Establishment of an in vitro cancer model system that recapitulates in vivo cancer progression. We are currently establishing an in vitro bladder cancer model by coupling a 3D bladder organoid culture system to an advanced genome engineering technology based on the CRISPRCas9 system, followed by validation of that model. Previous studies have shown that combined inactivation of p53 and PTEN in the bladder epithelium is sufficient to induce invasive bladder cancer in vivo. Our preliminary data showed that urothelial stem cells with reduced expression of p53 and PTEN developed neoplastic organoids. By combining our bladder organoid culture with the CRISPR-Cas9 system, we are developing a 3D organoid culture system that mimics in vivo bladder cancer progression.
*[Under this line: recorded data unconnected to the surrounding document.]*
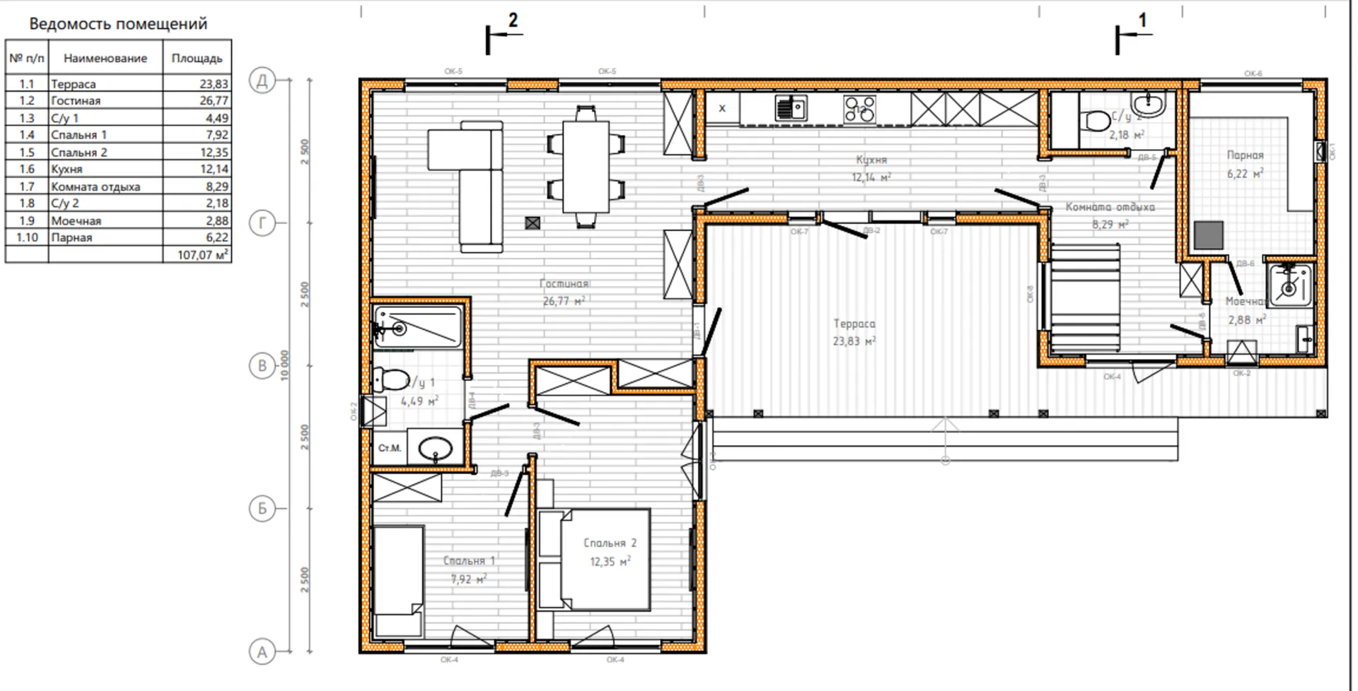 Площадь дома 107 м2
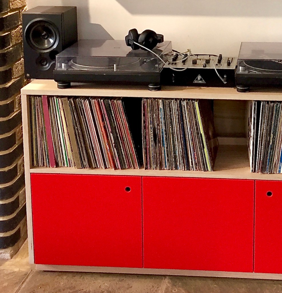 Freestanding Hi fi cabinet with shelving above. Made from oak faced birch ply, oiled finish with scarlet doors, eggshell spray finish.
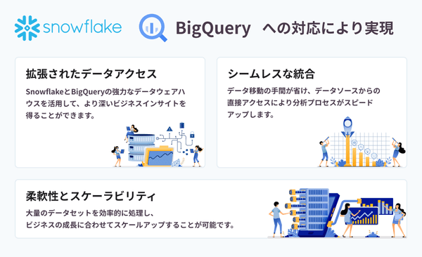 Snowflake、BigQueryの対応により高度なデータ分析とAI構築を行うことが可能
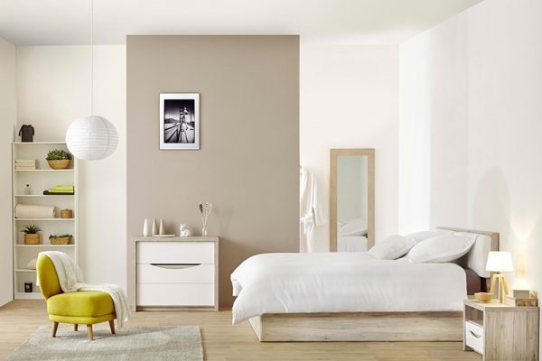 N'hésitez pas à combiner les teintes : la couleur dominante est appliquée sur 80% de la pièce, 15% pour la deuxième couleur. Quant aux 5% restants, il s'agit principalement de meubles et de literie.
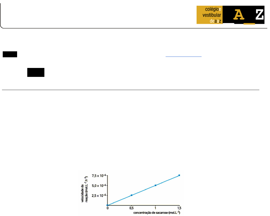 <p>ensino médio e pré-vestibular</p><p>A questão abaixo foi resolvida em vídeo pela Equipe de Ensino do Colégio e Curso Pré-Vestibular _A_Z, líder em aprovação nas carreiras</p><p>mais concorridas, com ensino de alta qualidade e atendimento personalizado. Acesse o site deaaz.com.br/videos-deaaz e procure pelo</p><p>CÓDIGO abaixo. Conheça outros materiais de preparação para o vestibular e o ENEM em http://deaaz.com.br.</p><p>questão com resolução em vídeo/Química</p><p>CÓDIGO: Q0368</p><p>QUESTÃO</p><p>O açúcar invertido é composto por uma mistura de glicose e frutose; já o açúcar comum é constituído somente por sacarose.</p><p>A solução aquosa do açúcar invertido mantém-se no estado líquido sob condições ambientes, pois possui menor temperatura de</p><p>congelamento do que a do açúcar comum.</p><p>Observe a equação química que representa a produção do açúcar invertido:</p><p>H</p><p>12 22 11 2 6 12 6 6 12 6</p><p>sacarose glucose frutose</p><p>C H O H O C H O C H O</p><p>+</p><p>+ → +</p><p>Em um processo de fabricação de açúcar invertido, a velocidade da reação foi medida em função da concentração de sacarose, uma vez</p><p>que a concentração de água não afeta essa velocidade.</p><p>O gráfico abaixo indica os resultados obtidos:</p><p>Determine a constante cinética dessa reação. Em seguida, aponte o fator responsável pela menor temperatura de congelamento da</p><p>solução aquosa de açúcar invertido.</p>

In vivo reprogramming coupled with genome editing technology to develop novel strategy for regenerative medicine
The major goal of this research project is to develop an innovative strategy to overcome three major obstacles to current cell replacement therapies for a variety of disorders: 1) the shortage of specific cell types available from donors; 2) host immune rejection of cells from exogenous donors; and 3) safety concerns stemming from the in vitro culture of exogenous cells. We plan to genetically reprogram somatic cells directly into different lineages within endogenous tissues to restore the function of other damaged tissues.
For degenerative diseases caused by genetic mutations, it is important to correct the genetic defects prior to generation of new tissues by reprogramming because newly generated cells otherwise would be subject to degeneration due to the same genetic defects. Recent progress in genome engineering technology, such as the CRISPR-Cas9 system, allows for precise and efficient genome editing, suggesting the use of this approach as a therapeutic intervention for treating genetic disorders. By coupling this technology with in vivo reprogramming, the defective genes of precursor cells may be corrected prior to their reprogramming to generate functional cells. In this research project, we envision a new paradigm for regenerative medicine in which functional cells with corrected genetic defects are generated in the bladder to restore healthy and functional tissues.